● **Required work**
Your copy of the listing must be exact and must hold no images.

● **Data excerpt**
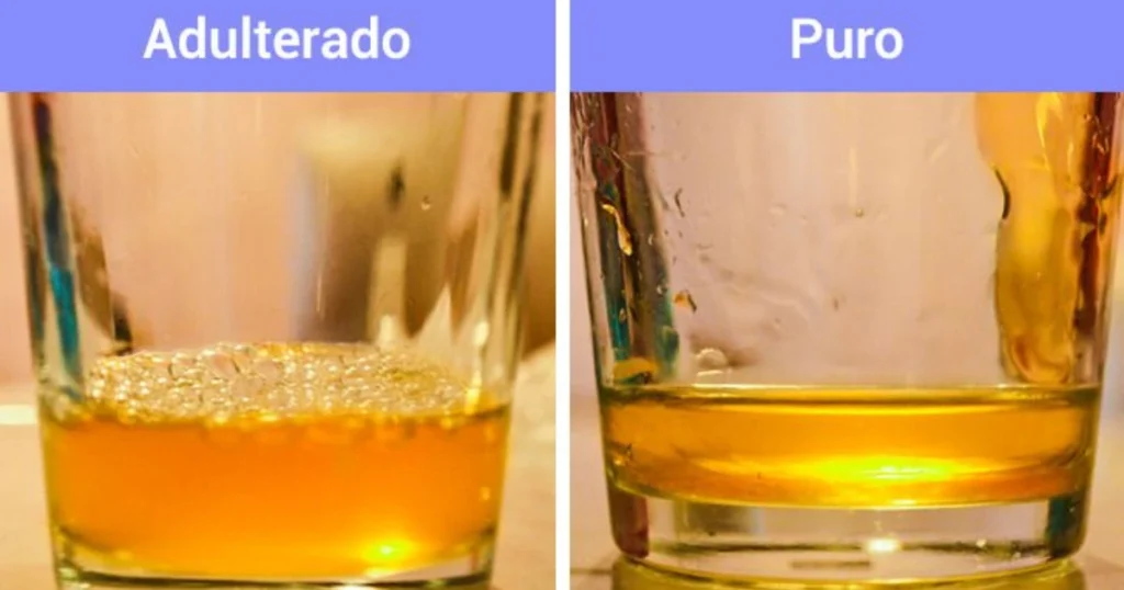 - O mel falsificado demora a engrossar, ferve de forma semelhante a um xarope e não endurece — sinal de presença de açúcares diluídos.
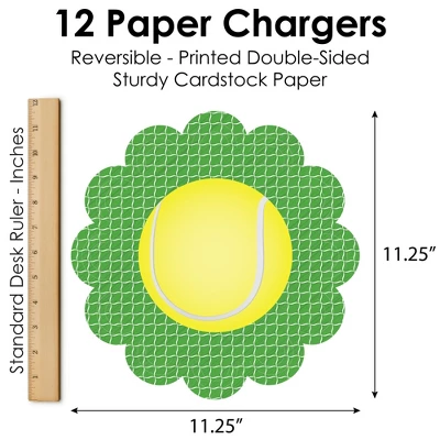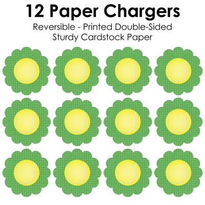 You Got Served Tennis Paper Chargers INCLUDES set of 12 reversible round table decorations. Create an exciting look at your Baby Shower or Birthday Party when you use paper chargers to elevate your table setting and accent your dinnerware. Tablescape Accent: You Got Served Tennis chargers will add a festive flare to your tablescape. Whether it’s a large feast gathering or a close-knit gathering with the family, paper chargers will add a splash of color and are a great alternative to paper doilies. Easy Decor: Dress up your table with layers! Add a plate to the center of paper chargers. Sports Themed paper charger is an easy solution for your table setting decor and perfect for complementing your tableware. The scallop border can be flared up for an elevated look and the backside can be used for an alternate look. High-Quality Supply: You Got Served Tennis Paper Chargers are professionally printed double-sided on sturdy cardstock paper with a photo-like shine. Paper chargers measure 11.25” in diameter and are the perfect final touch to complete your Baby Shower or Birthday Party. Made In The USA: You Got Served Tennis Paper Chargers are designed and manufactured at our Wisconsin facility using materials that are Made in the USA.
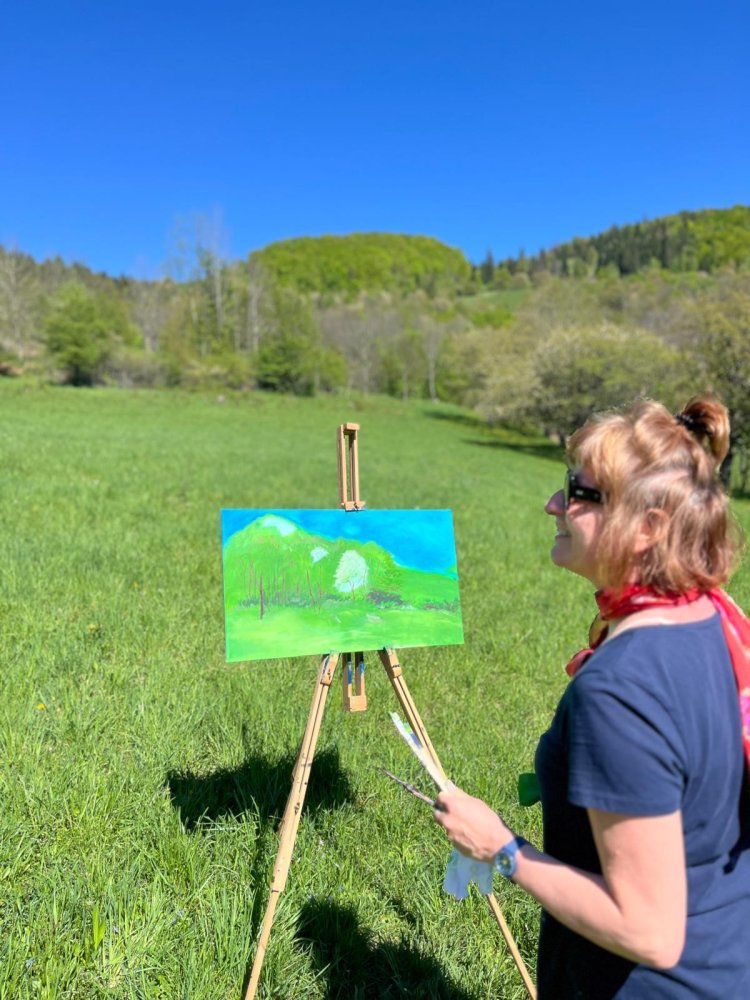 Medzi už veľmi málo rozkvitnutými čerešňami v malebnej Brdárke sa poslednú aprílovú nedeľu (presun zo soboty kvôli počasiu) uskutočnilo nezabudnuteľné zážitkové maľovanie pod holým nebom.
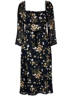 Pennie floral-print midi dress from Reformation featuring all-over floral print, square neck, long sleeves, mid-length and navy-blue/multicolour. Conscious: We’ve partnered with Good On You – an ethical agency that rates how sustainably brands perform. This item comes from a brand that performs well in relation to their impact on the planet. This item may not be on sale in France, UK, Italy, Belgium and Switzerland.

● **Finished exercise**
 - O mel falsificado demora a engrossar, ferve de forma semelhante a um xarope e não endurece — sinal de presença de açúcares diluídos.
 You Got Served Tennis Paper Chargers INCLUDES set of 12 reversible round table decorations. Create an exciting look at your Baby Shower or Birthday Party when you use paper chargers to elevate your table setting and accent your dinnerware. Tablescape Accent: You Got Served Tennis chargers will add a festive flare to your tablescape. Whether it’s a large feast gathering or a close-knit gathering with the family, paper chargers will add a splash of color and are a great alternative to paper doilies. Easy Decor: Dress up your table with layers! Add a plate to the center of paper chargers. Sports Themed paper charger is an easy solution for your table setting decor and perfect for complementing your tableware. The scallop border can be flared up for an elevated look and the backside can be used for an alternate look. High-Quality Supply: You Got Served Tennis Paper Chargers are professionally printed double-sided on sturdy cardstock paper with a photo-like shine. Paper chargers measure 11.25” in diameter and are the perfect final touch to complete your Baby Shower or Birthday Party. Made In The USA: You Got Served Tennis Paper Chargers are designed and manufactured at our Wisconsin facility using materials that are Made in the USA.
 Medzi už veľmi málo rozkvitnutými čerešňami v malebnej Brdárke sa poslednú aprílovú nedeľu (presun zo soboty kvôli počasiu) uskutočnilo nezabudnuteľné zážitkové maľovanie pod holým nebom.
 Pennie floral-print midi dress from Reformation featuring all-over floral print, square neck, long sleeves, mid-length and navy-blue/multicolour. Conscious: We’ve partnered with Good On You – an ethical agency that rates how sustainably brands perform. This item comes from a brand that performs well in relation to their impact on the planet. This item may not be on sale in France, UK, Italy, Belgium and Switzerland.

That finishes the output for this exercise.